The main constituent of the installation is a film (5’ 56’’ in duration) which loops endlessly on a video monitor. This is viewed through a large-format rectangular kaleidoscope which reflects the video images endlessly in all directions. The whole is housed in a silver casing which hangs in space at eye-level.


OVERVIEW

The video itself concerns itself with reactions to and reflections on the city-image which is currently being marketed as “the new Berlin“. Berlin is the ideal basis for this work because as an example of a city recreating itself, it is unparalleled in Europe in its scope and speed. The content has, however, relevance for every major city.

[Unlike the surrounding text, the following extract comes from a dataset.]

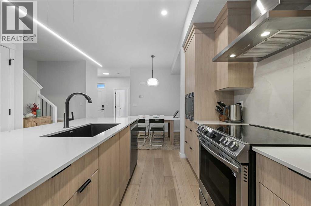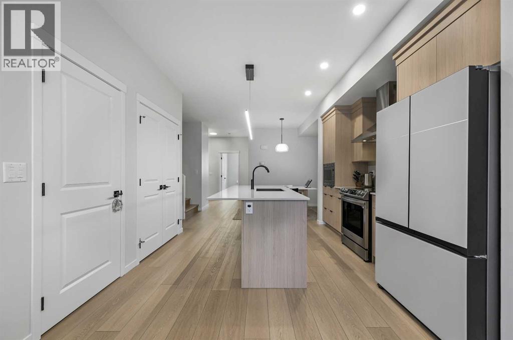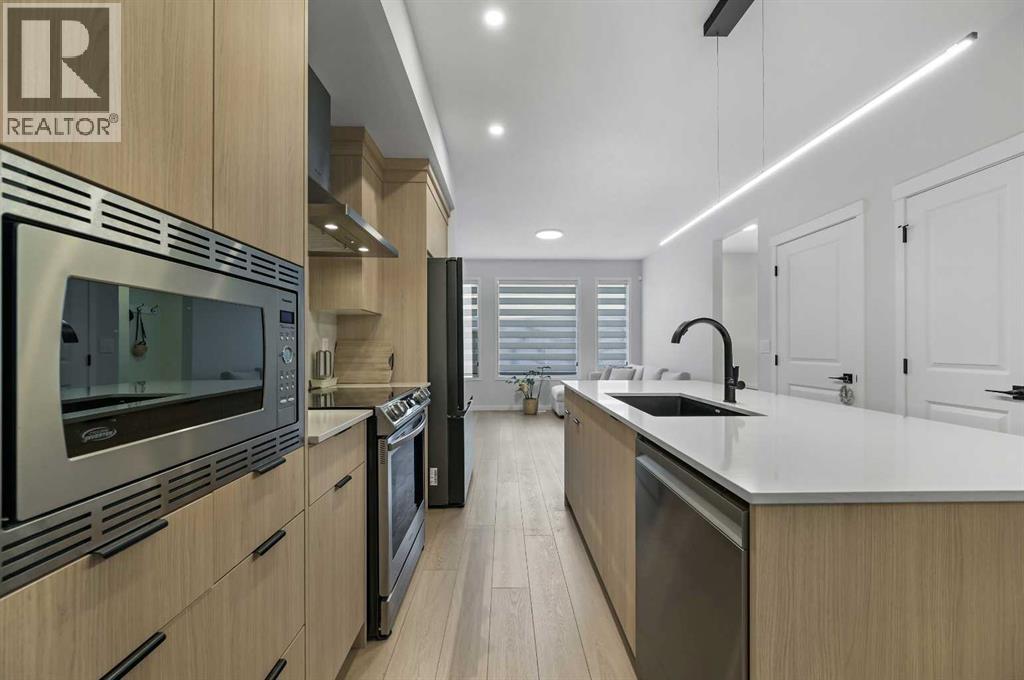 ** Great Value - $80K in upgrades - list available ** Side Entry ** Double Garage ** 1777+ Sq Ft ** 4 Bedroom home ** Immaculately maintained, almost brand new, bright and open plan. Modern design 2-story home in the heart of the vibrant Livingston community. GOURMET KITCHEN - CHEF'S DELIGHT! Custom features include upgraded classic wood-style cabinet doors, an efficient family-approved layout with stainless steel appliances (including a smooth-top stove), a glass panel front fridge, a central island with a flush eating bar, an undermount black granite sink, quartz countertops, custom full-height backsplash tile, and a stainless steel hood fan. The spacious dining room and great room bookend the open design, all of which feature 9-foot ceilings. The larger floor plan features a front main floor bedroom/office/den, an oversized front foyer, a back mudroom, a staircase with railings, and a landing. Super bright design!! All flooring is upgraded with wide-plank LVP hardwood flooring on the main floor and tile floors in the upper bathrooms- no carpet! BONUS: The upstairs bonus room is perfect for a home office, spare bedroom, or extra TV room. Three generously sized bedrooms & 2.5 bathrooms. NOTE: The primary bedroom features a private 3-piece en-suite with an upgraded sink basin, quartz countertops, and a spacious walk-in tiled shower with glass doors. Other upgrades include custom window coverings, an unspoiled basement with high 9' ceilings, side entry, oversized windows, a rough-in bathroom, and a 22' x 22' double-car garage with room for extra street parking out front. Excellent curb appeal with a covered front porch, fully landscaped with a walkway and fencing, all complete. Available for a March 2026 possession date. Please feel free to call your friendly REALTOR(R) to view. (id:6769)

The surface level of this new city-image is pervaded by one notable principle - the repetition of the unit. Facades are constructed by taking one basic window element and repeating it to the left, to the right, upwards and downwards. The principle rarely varies, just the scale.

The inner level is the life which exists in this environment. How do the people who live, work, visit, eat, drink, relax or just pass through these planned and designed surroundings react? How does this affect the way they act and feel? Do they feel excited and liberated by the newness or rather oppressed by the coldness and the scale?

The question of scale is a main theme of the video. Is what we are confronted with inhumanly exaggerated in it’s size, or are the architects and city planners too cautious to realise buildings on a truly monumental scale?


VIDEO

The video to “Invisible cities“ sets out to present reflections on these issues rather than provide answers. The starting point is the unit. One window was photographed on each of many buildings in for instance, the Government Quarter, Potsdamer Platz or Friedrichstraße. These units were then re-assembled and animated in various ways (using 2D software) into new facades, sometimes on scales not realisable in practice.

The facade sequences are interspersed with static interference as a counterpoint to the geometrical perfection of the architectural images, a reminder that order is a transient deviation from chaos. Distorted words appear like lost transmissions through this interference. The words are textual reflections on the confrontation with this new cityscape.


INSTALLATION

The presentation concept for the installation springs directly from the video content in that, through the four mirrors assembled into a square kaleidoscope, the video screen is repeated in all directions virtually into infinity. The result is that the viewer’s entire field of vision is filled with one huge facade, producing reactions from hypnosis to vertigo.

In contrast to the rigid right-angles and grid formations of the repeatedly reflected video images, the casing in which the video equipment and mirrors are housed has streamlined curves coming down to the square opening of the kaleidoscope at the front and the technical access panel at the back. With a metallic silver surface and free-hanging at a height accessible to the viewer, the casing provides a futuristic setting which already from a distance provokes curiosity about the contents.